#### Task item
Would you repeat the entries below exactly and omit the pictures?

(Excerpts from a dataset)
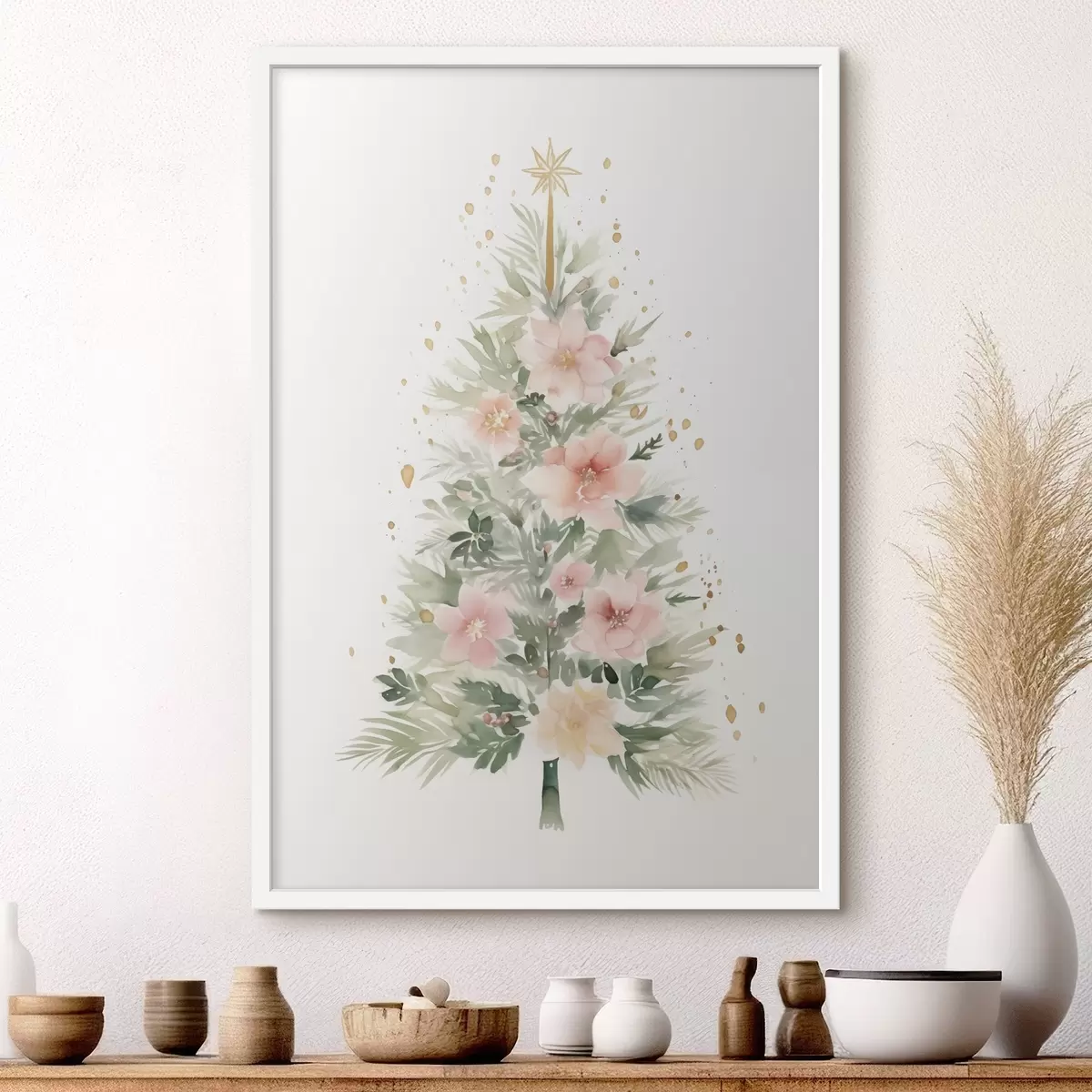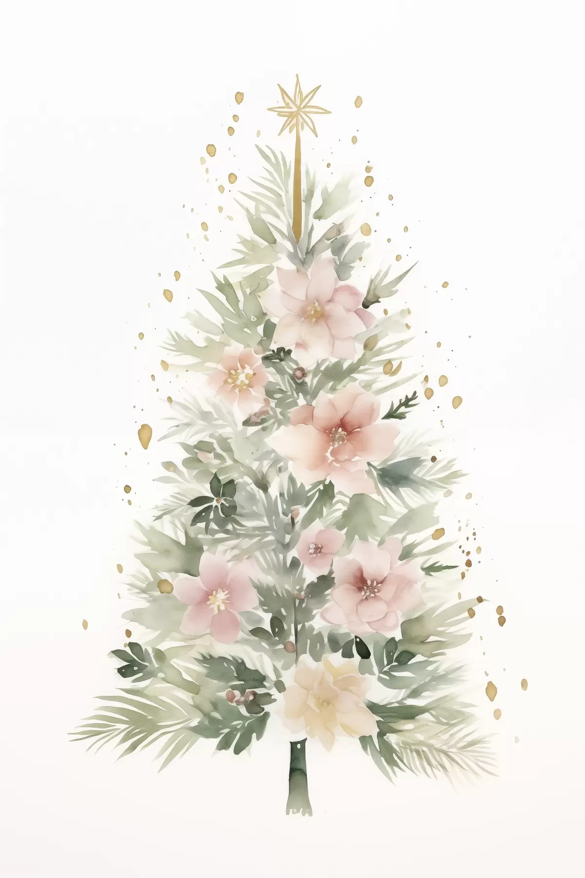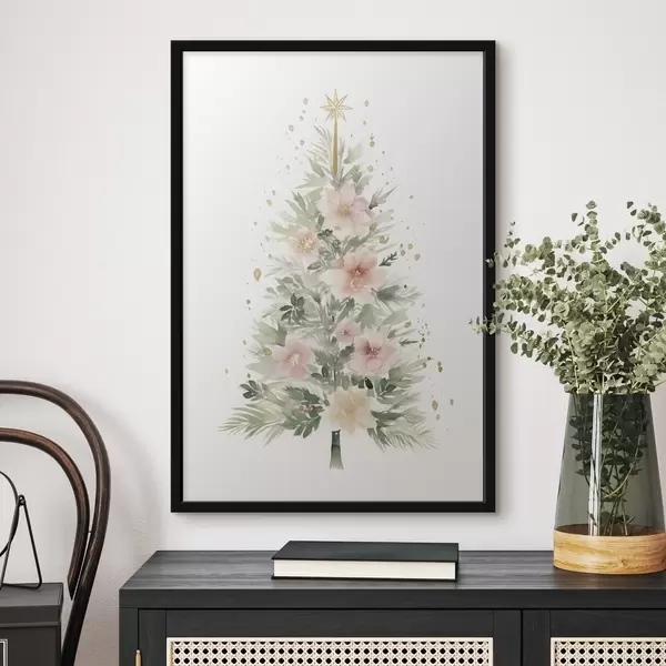 Plakatas Akvarelė Kalėdų eglutė, pušis, gėlių Ne f41360
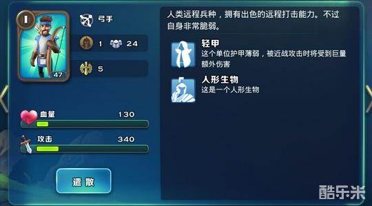 剑士:皮糙肉厚的剑士是防御的中坚力量,并且剑士到了金卡后士气不会崩溃,可有效的防止敌人进攻。
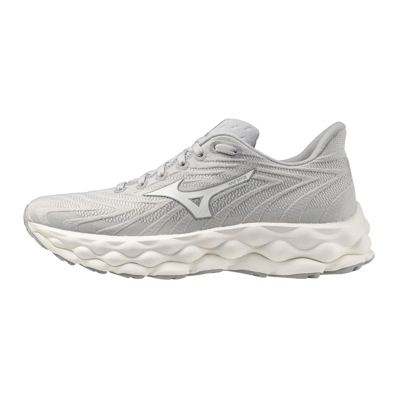 Reaching beyond is no obstacle when you're floating in the Wave Sky 8. Comfort is key thanks to the innovative MIZUNO ENERZY NXT providing an even softer and more responsive experience than before. The new upper provides a comfortable secure fit and is even lighter than its predecessor for the ultimate floating feeling. - Foam Wave: A Wave of comfort made of 2 layers of foam. Top layer is U4icX and bottom layer Mizuno Enerzy - MIZUNO ENERZY NXT: The next generation of MIZUNO ENERZY midsole material. Designed to maximize energy return and cushioning for optimum performance. - X10 Outsole: Durable carbon rubber that allows for longer wear. - Eco Friendly Materials: Recycled materials - Gusseted Tongue: Stretchy tongue lining that hugs the foot securely and comfortably without any stress. - MIZUNO ENERZY (FOAM): Offering versatility in its application, while still maintaining softness and resilience. It will help enhance performance capabilities. - Category: Neutral - Drop: 8mm - Stack Height: Forefoot 33mm / Heel 41mm - Weight: 8.3 oz (Size 8)
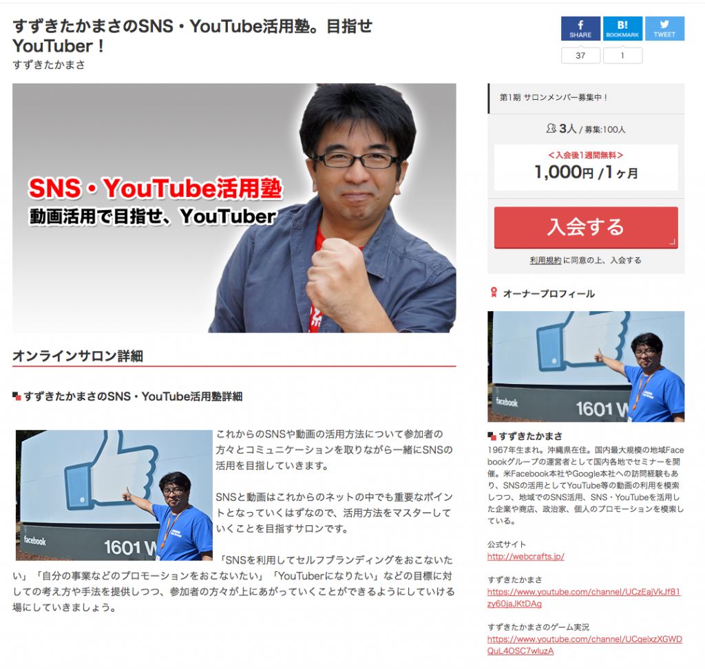 このたびDMMオンラインサロン「すずきたかまさのSNS・YouTube活用塾。目指せYouTuber!」をスタートしました。
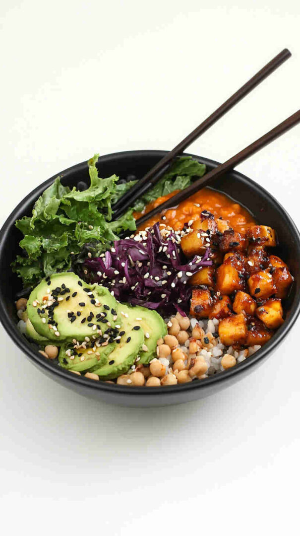 - Artfully arrange roasted sweet potatoes, crispy tofu, spiced chickpeas, edamame, sliced avocado, and greens on top—make it colorful and inviting; presentation boosts the appetite!
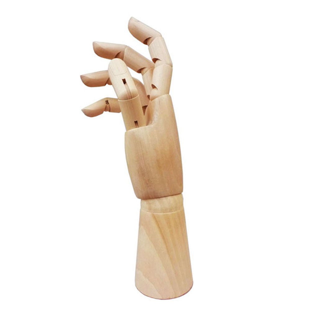 Mão Madeira Articulada Direita 30cm para idealizar a estrutura do corpo humano e seus movimentos. Manequim para desenho e estudos básicos da figura humana em posições diversas.
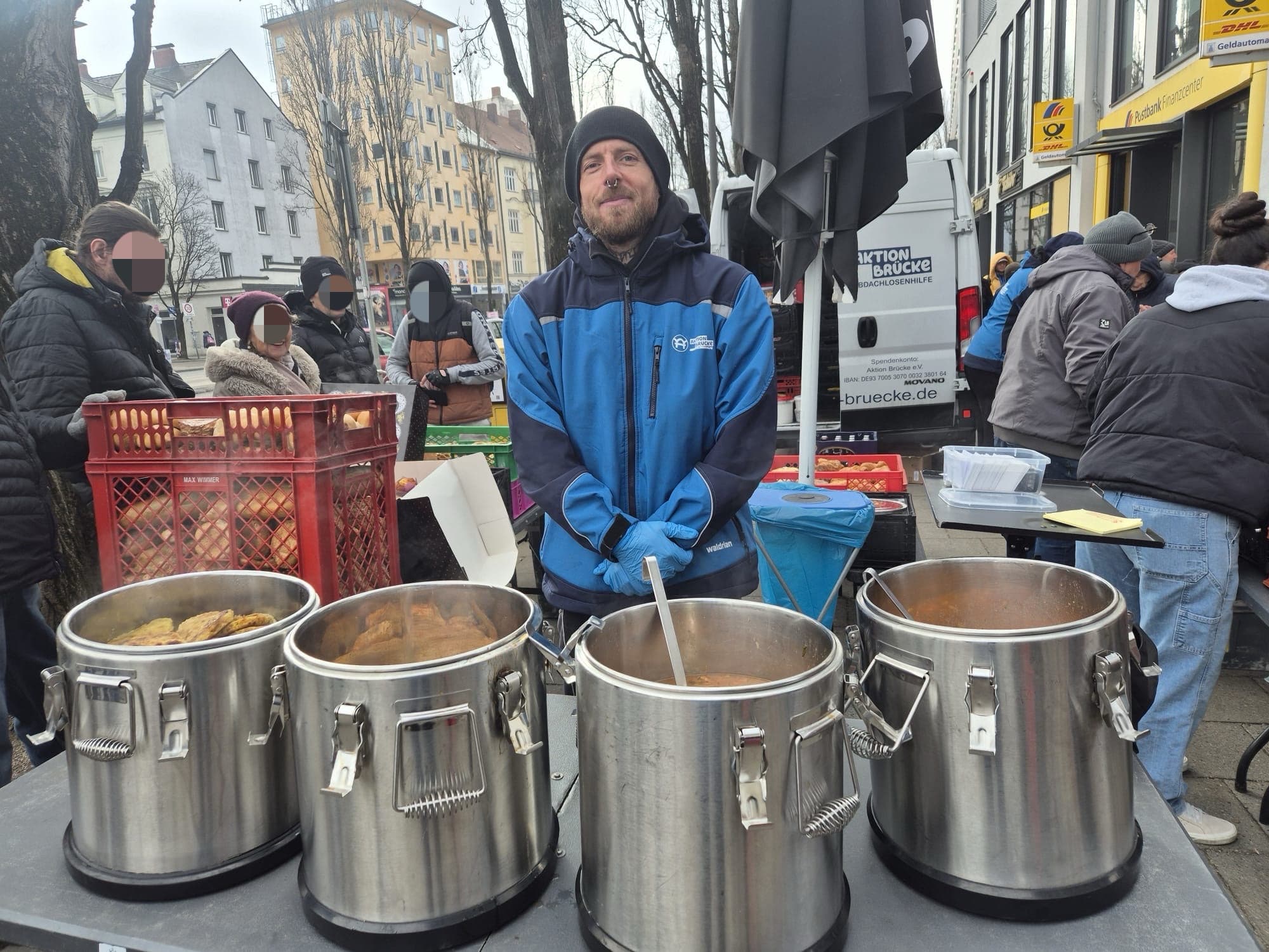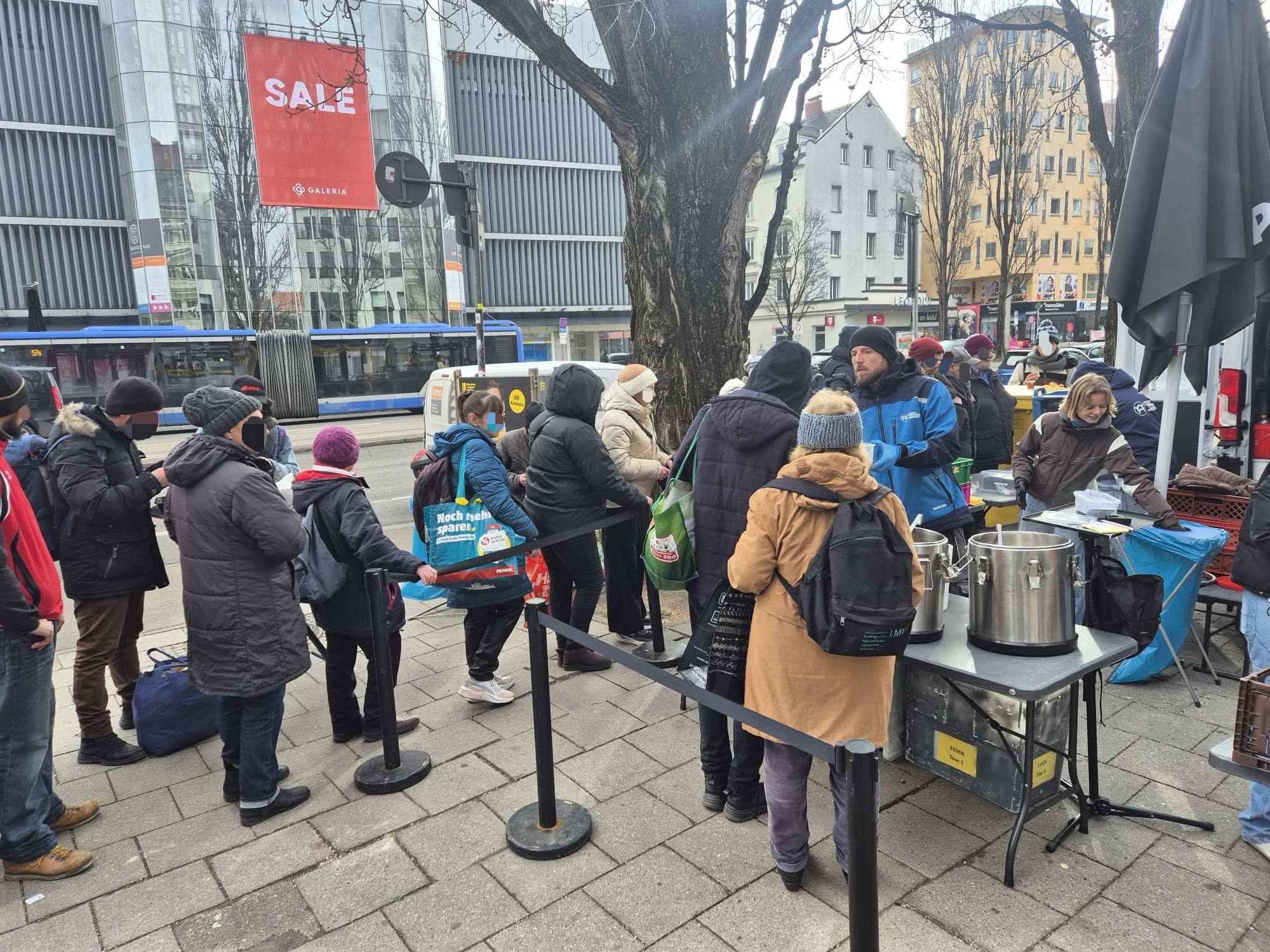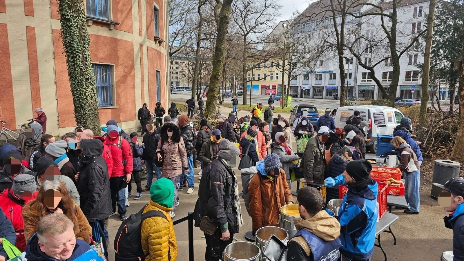 Tour 1 begann an der Münchner Freiheit zunächst ganz entspannt. Am Nussbaumpark war es dann deutlich voller mit vielen Gästen. Dennoch blieb alles ruhig und ohne besondere Vorkommnisse. Die Freude über Kleidung, Lebensmittel, warmes Essen sowie Kaffee und Kuchen war groß. Viele Gäste bedankten sich herzlich für unsere gemeinsame Arbeit und die verlässliche Unterstützung.

#### Completed exercise
 Plakatas Akvarelė Kalėdų eglutė, pušis, gėlių Ne f41360
 剑士:皮糙肉厚的剑士是防御的中坚力量,并且剑士到了金卡后士气不会崩溃,可有效的防止敌人进攻。
 Reaching beyond is no obstacle when you're floating in the Wave Sky 8. Comfort is key thanks to the innovative MIZUNO ENERZY NXT providing an even softer and more responsive experience than before. The new upper provides a comfortable secure fit and is even lighter than its predecessor for the ultimate floating feeling. - Foam Wave: A Wave of comfort made of 2 layers of foam. Top layer is U4icX and bottom layer Mizuno Enerzy - MIZUNO ENERZY NXT: The next generation of MIZUNO ENERZY midsole material. Designed to maximize energy return and cushioning for optimum performance. - X10 Outsole: Durable carbon rubber that allows for longer wear. - Eco Friendly Materials: Recycled materials - Gusseted Tongue: Stretchy tongue lining that hugs the foot securely and comfortably without any stress. - MIZUNO ENERZY (FOAM): Offering versatility in its application, while still maintaining softness and resilience. It will help enhance performance capabilities. - Category: Neutral - Drop: 8mm - Stack Height: Forefoot 33mm / Heel 41mm - Weight: 8.3 oz (Size 8)
 このたびDMMオンラインサロン「すずきたかまさのSNS・YouTube活用塾。目指せYouTuber!」をスタートしました。
 - Artfully arrange roasted sweet potatoes, crispy tofu, spiced chickpeas, edamame, sliced avocado, and greens on top—make it colorful and inviting; presentation boosts the appetite!
 Mão Madeira Articulada Direita 30cm para idealizar a estrutura do corpo humano e seus movimentos. Manequim para desenho e estudos básicos da figura humana em posições diversas.
 Tour 1 begann an der Münchner Freiheit zunächst ganz entspannt. Am Nussbaumpark war es dann deutlich voller mit vielen Gästen. Dennoch blieb alles ruhig und ohne besondere Vorkommnisse. Die Freude über Kleidung, Lebensmittel, warmes Essen sowie Kaffee und Kuchen war groß. Viele Gäste bedankten sich herzlich für unsere gemeinsame Arbeit und die verlässliche Unterstützung.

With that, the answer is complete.